- Route of the Ripia River
- Native name: Ripia (Māori)

Location
- Country: New Zealand
- Island: North Island
- Region: Hawke's Bay
- District: Taupō, Hastings

Physical characteristics
- Source: Ahimanawa Range
- • coordinates: 38°57′28″S 176°20′11″E﻿ / ﻿38.95777°S 176.33649°E
- Mouth: Mōhaka River
- • coordinates: 39°12′03″S 176°30′59″E﻿ / ﻿39.20082°S 176.51633°E
- Length: 33 km (21 mi)

Basin features
- Progression: Ripia River → Mōhaka River → Hawke Bay → Pacific Ocean
- River system: Mōhaka River
- • left: Tunamaro Stream, Panemanga Stream, Papangahui Stream, Mangakiokio Stream, Rerepari Stream, Whakahu Stream, Awahōhonu Stream, Ōtumu Stream
- • right: Pawhare Creek, Awakari Stream, Waiari Stream, Makiekie Stream

= Ripia River =

River in New Zealand

The Ripia River is a river of the Hawke's Bay Region of New Zealand's North Island.
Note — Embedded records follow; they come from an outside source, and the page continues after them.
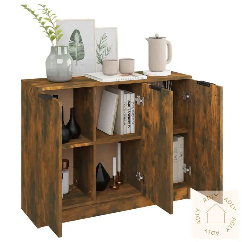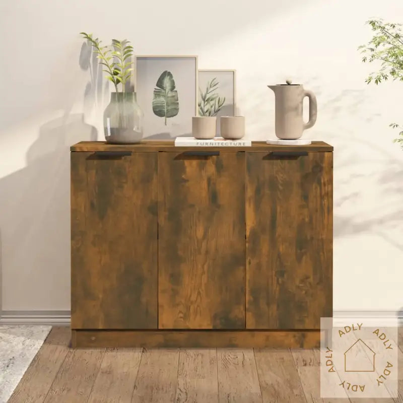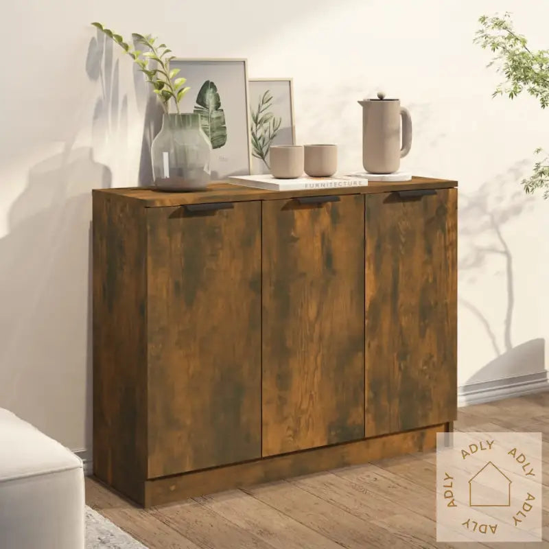Lett å rengjøre: Skjenken er laget av konstruert tre av høy kvalitet med en jevn, elegant overflate. Dette materialet gir både styrke, stabilitet og holdbarhet, samtidig som det tåler fuktighet – så møbelet holder seg pent lenge. Den glatte finishen gjør også at skapet enkelt kan tørkes av med en fuktig klut, noe som gjør vedlikehold superenkelt.Rikelig lagringsplass: Med tre praktiske dører får du godt med plass til å oppbevare alt fra servise og bøker til småting du vil ha lett tilgjengelig. Hold tingene dine oversiktlig og organiserte uten problemer, enten du setter skapet i stua, gangen eller på soverommet.Solid topp: Den solide toppen på dette oppbevaringsskapet gir deg ekstra plass til å sette frem dekorasjoner, fotorammer eller potteplanter. Den robuste overflaten tåler vekten av flere pyntegjenstander, og lar deg vise frem din personlige stil i hjemmet. Et ekte blikkfang blant dine møbler.ADVARSEL:
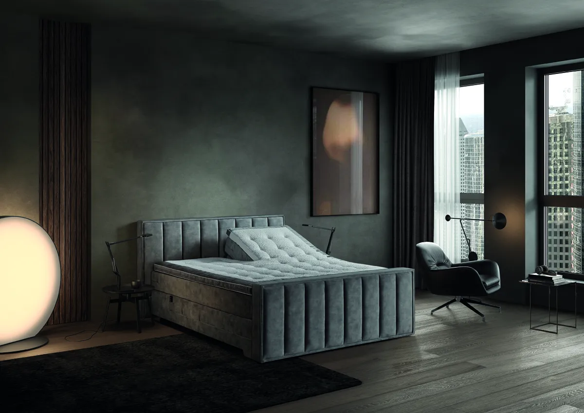 Erlebe ultimativen Luxus mit der elektrischen Funktion des Newark Boxspring, die du mit einer kabellosen Fernbedienung steuern kannst, während du bequem liegst.
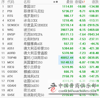 欧股同样暴跌,盘初包括欧洲斯托克50、德国DAX、法国CAC40、英国富时100等在内的重要股指跌幅均超5%。至截稿,不少国家股指跌幅仍超5%,俄罗斯RTS更是跌超10%。
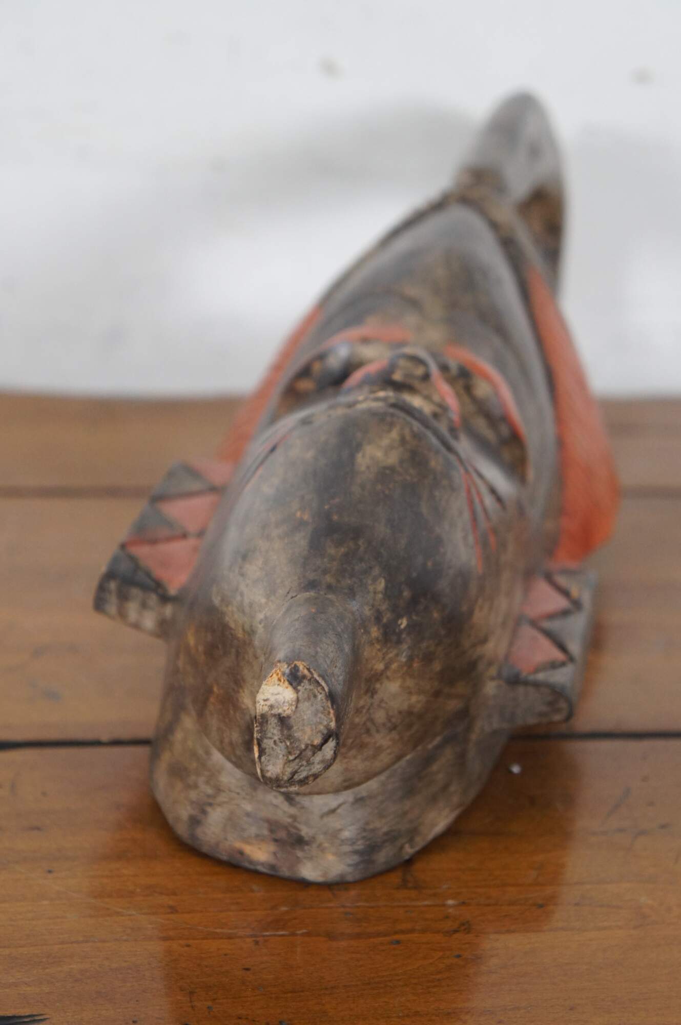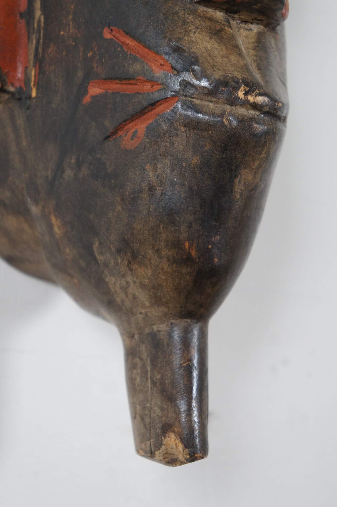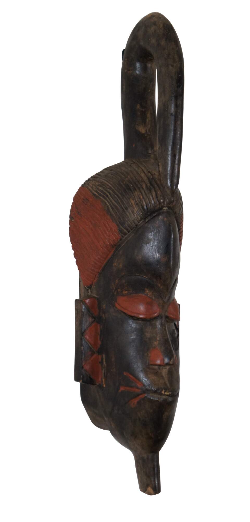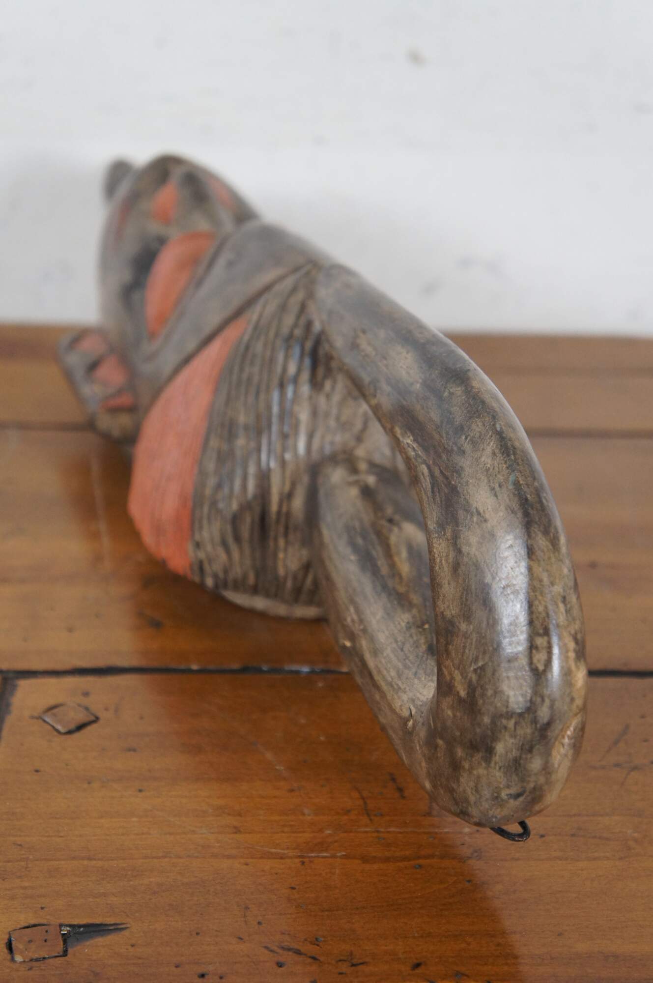 Vintage African folk art wall hanging mask, hand carved wood painted red and black with large headress and goatee.
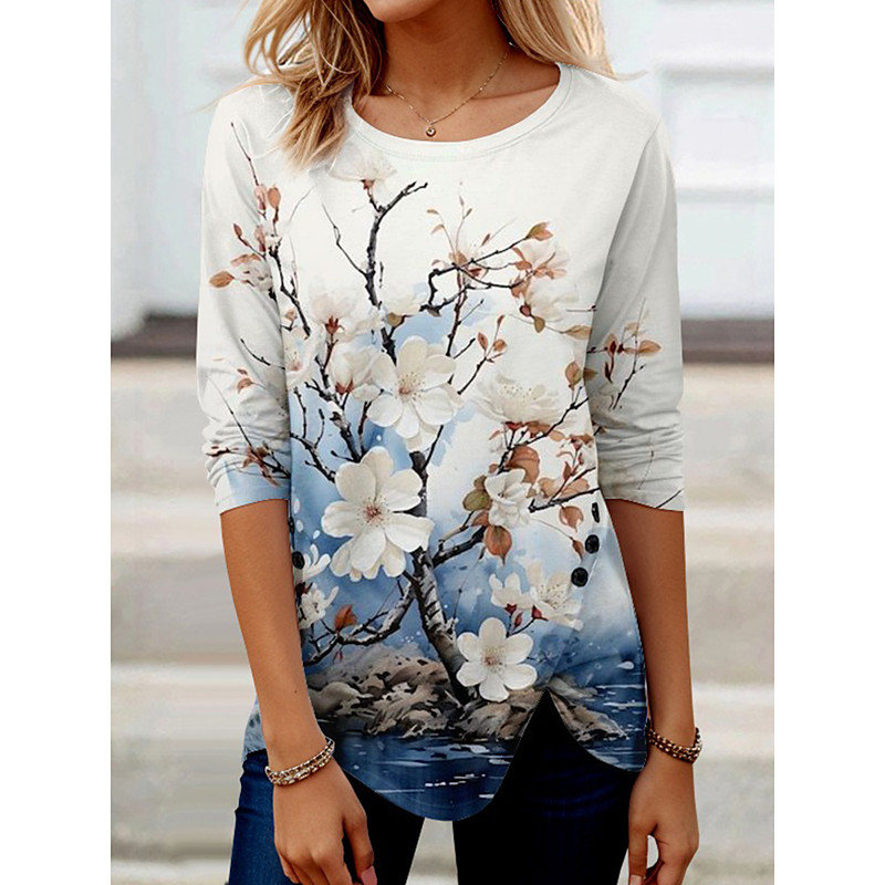 Women's T Shirt Floral Graphic Plants Vintage Stylish Ethnic Long Sleeve Crew Neck Regular Tops Daily Buttons Print Asymmetrical Pink Blue Green Spring Fall

A major tributary of the Mōhaka River, it flows generally southeast from its sources at the northern end of the Ahimanawa Range 25 km east of Lake Taupō, reaching the Mohaka 40 km northwest of Napier.

==Geography==

The Ripia River is a tributary of the Mōhaka River.

==Biodiversity==

The river is an important spawning location for introduced brown trout, as it does not frequently flood as much as the Mōhaka River. Due to this, the river is a location used for recreational trout fishing.

==History==

The river is culturally significant to iwi of the northwestern Hawke's Bay Region, including Ngāti Hineuru. While not traditionally a focus of settlement, the river was an important resource, where New Zealand eels (Anguilla dieffenbachii and A. australis) kōura (freshwater crayfish), and hāngī stones were collected. The dens forested margins of the river were also an important source for traditional resources including birds, harakeke flax and medicinal plants.